Below is a listing. Quote from it, exactly, the lines from the one containing "近くの春日荷茶屋で、万葉粥セットを頂きました。" down to the one containing "最后,张婷副院长结合国家基础", both ends included, and nothing else.

▸ PROVIDED MATERIAL:
▬▬▬

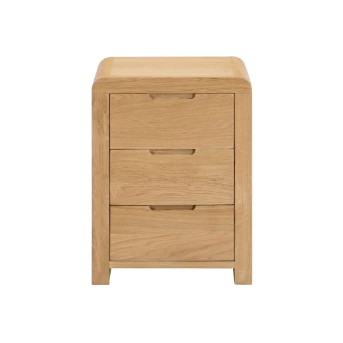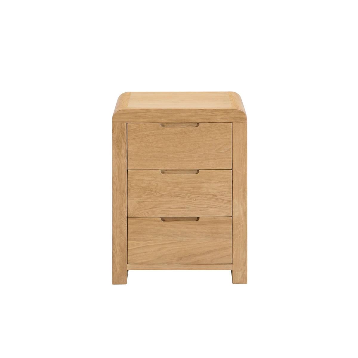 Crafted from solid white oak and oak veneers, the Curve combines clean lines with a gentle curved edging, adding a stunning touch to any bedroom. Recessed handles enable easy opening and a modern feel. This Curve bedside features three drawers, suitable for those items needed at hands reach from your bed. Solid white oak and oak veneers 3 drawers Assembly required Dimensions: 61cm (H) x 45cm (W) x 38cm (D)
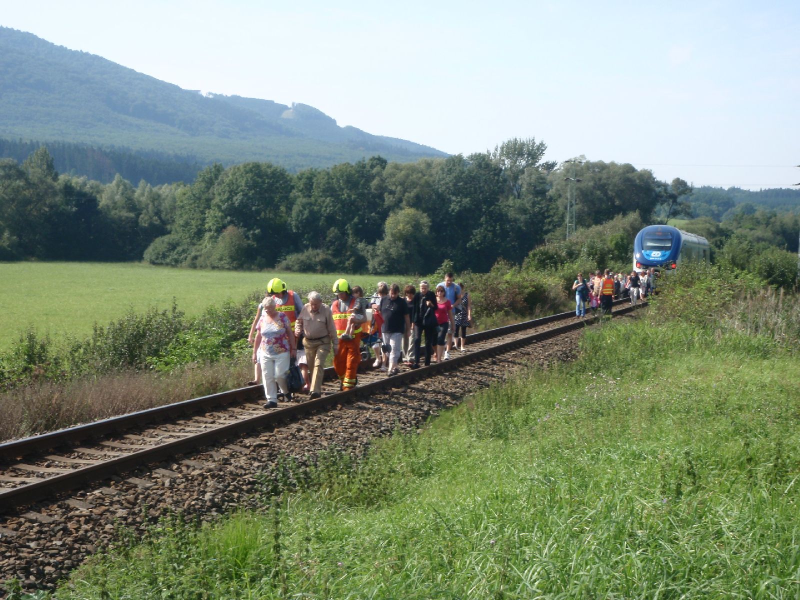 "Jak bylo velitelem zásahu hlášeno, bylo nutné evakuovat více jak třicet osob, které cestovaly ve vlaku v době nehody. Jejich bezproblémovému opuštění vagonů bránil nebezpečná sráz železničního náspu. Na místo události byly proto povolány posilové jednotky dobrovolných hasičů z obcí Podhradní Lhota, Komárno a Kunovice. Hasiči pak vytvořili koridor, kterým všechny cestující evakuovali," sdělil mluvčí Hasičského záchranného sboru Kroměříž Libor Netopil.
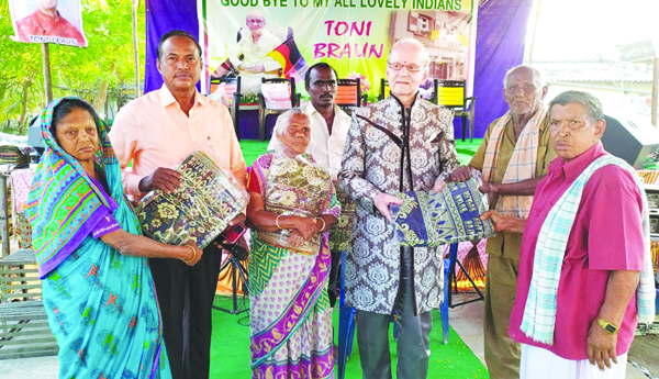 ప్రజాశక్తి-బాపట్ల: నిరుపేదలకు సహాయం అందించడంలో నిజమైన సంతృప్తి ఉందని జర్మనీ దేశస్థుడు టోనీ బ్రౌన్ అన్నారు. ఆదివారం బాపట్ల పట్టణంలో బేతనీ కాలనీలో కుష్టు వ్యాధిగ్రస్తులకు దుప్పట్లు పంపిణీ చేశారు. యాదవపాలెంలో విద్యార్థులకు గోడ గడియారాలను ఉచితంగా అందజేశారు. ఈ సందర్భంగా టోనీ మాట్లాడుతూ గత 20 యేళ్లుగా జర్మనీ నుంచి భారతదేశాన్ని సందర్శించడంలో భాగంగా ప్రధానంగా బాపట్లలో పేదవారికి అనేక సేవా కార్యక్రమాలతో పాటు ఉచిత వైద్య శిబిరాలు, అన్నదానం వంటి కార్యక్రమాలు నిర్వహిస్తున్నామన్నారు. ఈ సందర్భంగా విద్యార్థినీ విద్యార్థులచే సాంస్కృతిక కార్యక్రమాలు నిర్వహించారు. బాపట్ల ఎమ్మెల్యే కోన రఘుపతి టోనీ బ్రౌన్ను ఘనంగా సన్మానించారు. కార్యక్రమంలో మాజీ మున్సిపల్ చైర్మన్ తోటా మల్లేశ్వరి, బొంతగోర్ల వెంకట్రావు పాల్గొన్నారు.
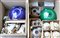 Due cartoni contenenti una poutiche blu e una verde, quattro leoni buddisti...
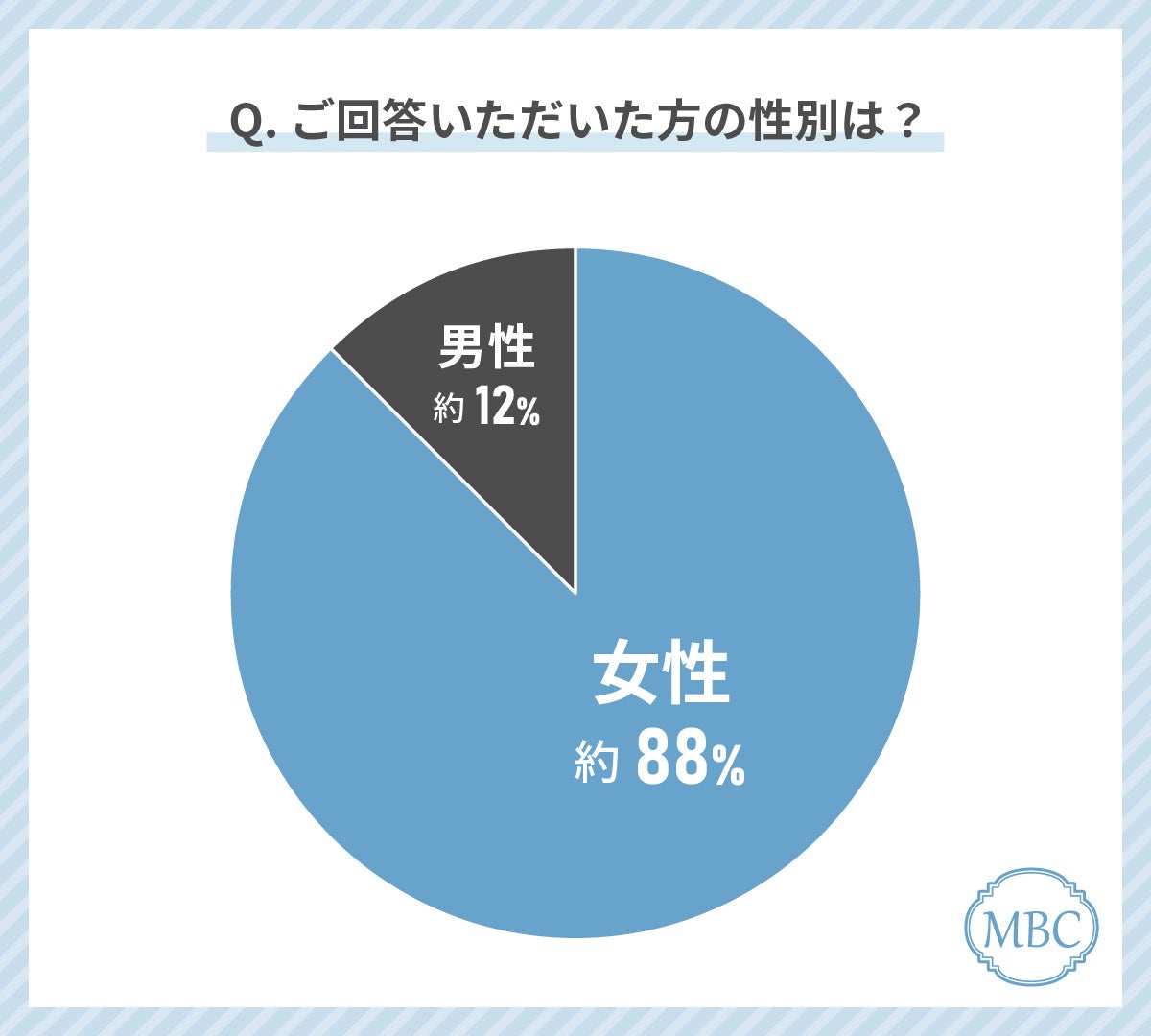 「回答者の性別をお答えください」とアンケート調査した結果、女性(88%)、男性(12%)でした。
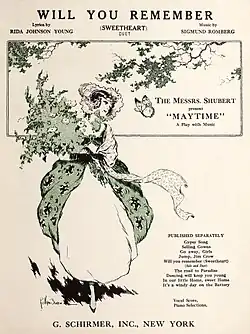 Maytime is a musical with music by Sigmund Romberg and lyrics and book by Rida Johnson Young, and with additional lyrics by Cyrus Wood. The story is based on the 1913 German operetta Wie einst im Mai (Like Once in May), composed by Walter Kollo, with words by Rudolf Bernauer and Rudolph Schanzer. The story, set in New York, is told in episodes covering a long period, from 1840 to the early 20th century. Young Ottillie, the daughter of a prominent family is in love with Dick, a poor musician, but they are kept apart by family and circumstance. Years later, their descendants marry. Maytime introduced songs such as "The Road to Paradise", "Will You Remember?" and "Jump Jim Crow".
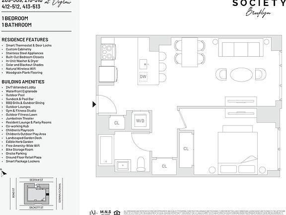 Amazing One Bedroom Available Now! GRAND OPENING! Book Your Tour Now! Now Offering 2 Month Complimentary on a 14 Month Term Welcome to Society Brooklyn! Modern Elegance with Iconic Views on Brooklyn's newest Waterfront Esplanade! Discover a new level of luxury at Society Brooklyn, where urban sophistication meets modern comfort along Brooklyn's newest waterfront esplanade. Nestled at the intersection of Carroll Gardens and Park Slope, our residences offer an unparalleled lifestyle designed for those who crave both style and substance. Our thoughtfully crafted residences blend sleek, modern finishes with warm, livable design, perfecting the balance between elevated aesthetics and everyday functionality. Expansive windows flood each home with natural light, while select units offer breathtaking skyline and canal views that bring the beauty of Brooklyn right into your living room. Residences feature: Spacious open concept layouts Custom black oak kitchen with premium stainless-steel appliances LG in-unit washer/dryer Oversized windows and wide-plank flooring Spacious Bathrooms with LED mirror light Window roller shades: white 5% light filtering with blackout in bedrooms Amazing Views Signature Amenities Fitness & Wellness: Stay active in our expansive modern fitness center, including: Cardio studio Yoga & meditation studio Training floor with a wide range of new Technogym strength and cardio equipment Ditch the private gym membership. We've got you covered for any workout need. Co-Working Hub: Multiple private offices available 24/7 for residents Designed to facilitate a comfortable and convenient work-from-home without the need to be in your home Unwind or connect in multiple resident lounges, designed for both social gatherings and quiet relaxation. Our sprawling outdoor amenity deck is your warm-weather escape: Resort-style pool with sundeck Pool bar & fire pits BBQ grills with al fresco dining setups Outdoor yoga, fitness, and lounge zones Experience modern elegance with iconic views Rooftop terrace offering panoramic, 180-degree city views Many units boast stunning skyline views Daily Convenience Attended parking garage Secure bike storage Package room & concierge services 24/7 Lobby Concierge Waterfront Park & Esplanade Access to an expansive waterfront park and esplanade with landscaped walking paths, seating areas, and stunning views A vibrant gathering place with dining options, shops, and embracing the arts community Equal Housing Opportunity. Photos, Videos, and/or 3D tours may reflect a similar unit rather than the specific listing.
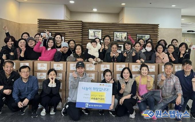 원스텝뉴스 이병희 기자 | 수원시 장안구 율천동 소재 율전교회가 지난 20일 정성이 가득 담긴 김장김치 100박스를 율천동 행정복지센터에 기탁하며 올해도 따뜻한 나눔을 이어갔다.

▬▬▬

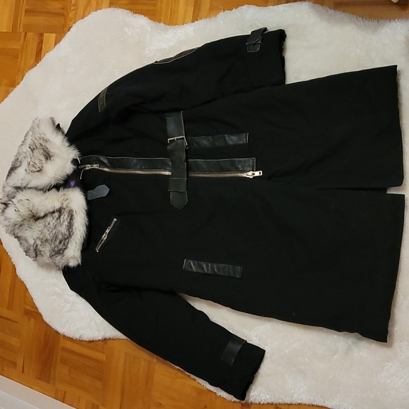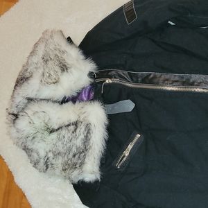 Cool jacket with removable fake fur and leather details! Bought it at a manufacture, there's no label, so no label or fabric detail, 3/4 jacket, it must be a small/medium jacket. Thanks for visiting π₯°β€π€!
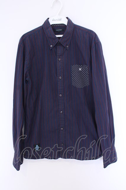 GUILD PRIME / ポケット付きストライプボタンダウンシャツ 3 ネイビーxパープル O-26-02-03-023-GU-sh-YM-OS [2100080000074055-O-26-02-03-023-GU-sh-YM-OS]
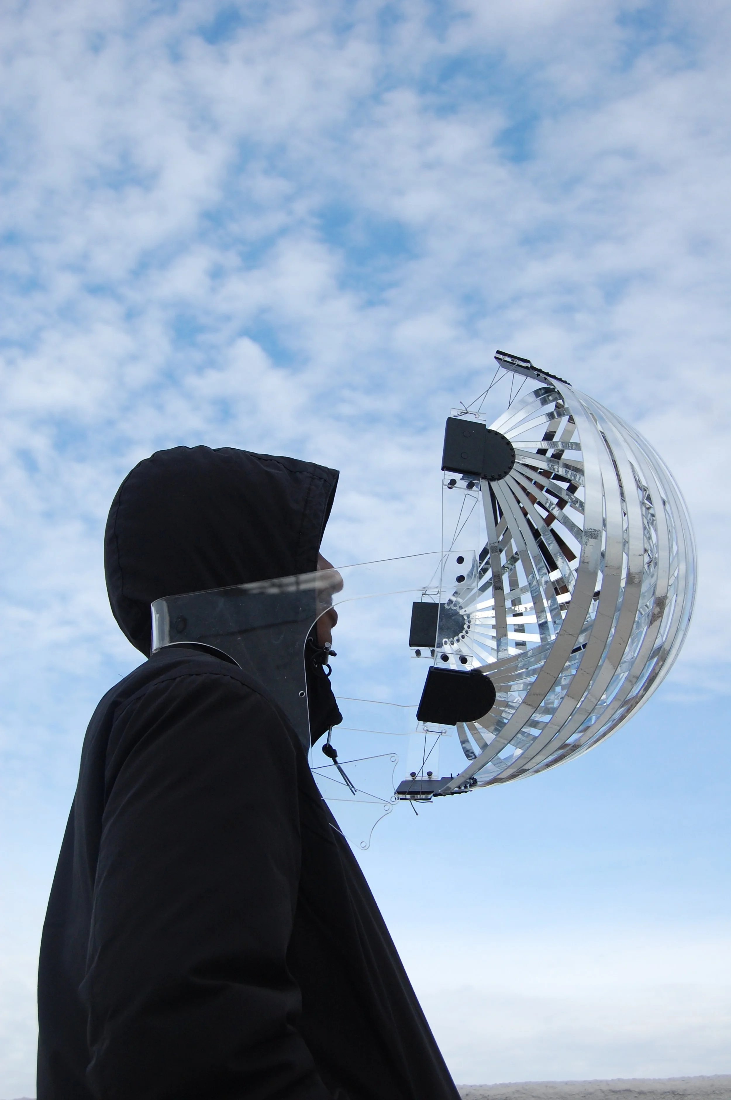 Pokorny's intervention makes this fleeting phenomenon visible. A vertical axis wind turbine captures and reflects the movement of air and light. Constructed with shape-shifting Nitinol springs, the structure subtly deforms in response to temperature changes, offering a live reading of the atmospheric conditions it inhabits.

▬▬▬

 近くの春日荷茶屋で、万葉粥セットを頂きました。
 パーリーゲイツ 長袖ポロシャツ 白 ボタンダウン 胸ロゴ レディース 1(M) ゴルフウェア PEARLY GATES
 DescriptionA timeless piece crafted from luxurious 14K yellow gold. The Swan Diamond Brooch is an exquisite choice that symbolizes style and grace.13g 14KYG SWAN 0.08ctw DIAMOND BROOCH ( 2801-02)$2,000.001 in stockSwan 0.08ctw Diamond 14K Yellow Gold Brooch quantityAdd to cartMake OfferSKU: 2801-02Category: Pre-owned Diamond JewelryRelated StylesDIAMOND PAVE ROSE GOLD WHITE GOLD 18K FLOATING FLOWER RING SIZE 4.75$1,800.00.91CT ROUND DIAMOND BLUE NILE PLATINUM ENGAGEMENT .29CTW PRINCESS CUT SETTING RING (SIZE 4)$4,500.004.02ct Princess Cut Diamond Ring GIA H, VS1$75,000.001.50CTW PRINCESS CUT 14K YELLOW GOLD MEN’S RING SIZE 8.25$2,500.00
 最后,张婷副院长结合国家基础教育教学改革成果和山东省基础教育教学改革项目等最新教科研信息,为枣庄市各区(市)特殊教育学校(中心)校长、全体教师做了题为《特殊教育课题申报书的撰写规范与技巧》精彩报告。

▬▬▬

▸ SOLUTION TO THIS TASK:
 近くの春日荷茶屋で、万葉粥セットを頂きました。
 パーリーゲイツ 長袖ポロシャツ 白 ボタンダウン 胸ロゴ レディース 1(M) ゴルフウェア PEARLY GATES
 DescriptionA timeless piece crafted from luxurious 14K yellow gold. The Swan Diamond Brooch is an exquisite choice that symbolizes style and grace.13g 14KYG SWAN 0.08ctw DIAMOND BROOCH ( 2801-02)$2,000.001 in stockSwan 0.08ctw Diamond 14K Yellow Gold Brooch quantityAdd to cartMake OfferSKU: 2801-02Category: Pre-owned Diamond JewelryRelated StylesDIAMOND PAVE ROSE GOLD WHITE GOLD 18K FLOATING FLOWER RING SIZE 4.75$1,800.00.91CT ROUND DIAMOND BLUE NILE PLATINUM ENGAGEMENT .29CTW PRINCESS CUT SETTING RING (SIZE 4)$4,500.004.02ct Princess Cut Diamond Ring GIA H, VS1$75,000.001.50CTW PRINCESS CUT 14K YELLOW GOLD MEN’S RING SIZE 8.25$2,500.00
 最后,张婷副院长结合国家基础教育教学改革成果和山东省基础教育教学改革项目等最新教科研信息,为枣庄市各区(市)特殊教育学校(中心)校长、全体教师做了题为《特殊教育课题申报书的撰写规范与技巧》精彩报告。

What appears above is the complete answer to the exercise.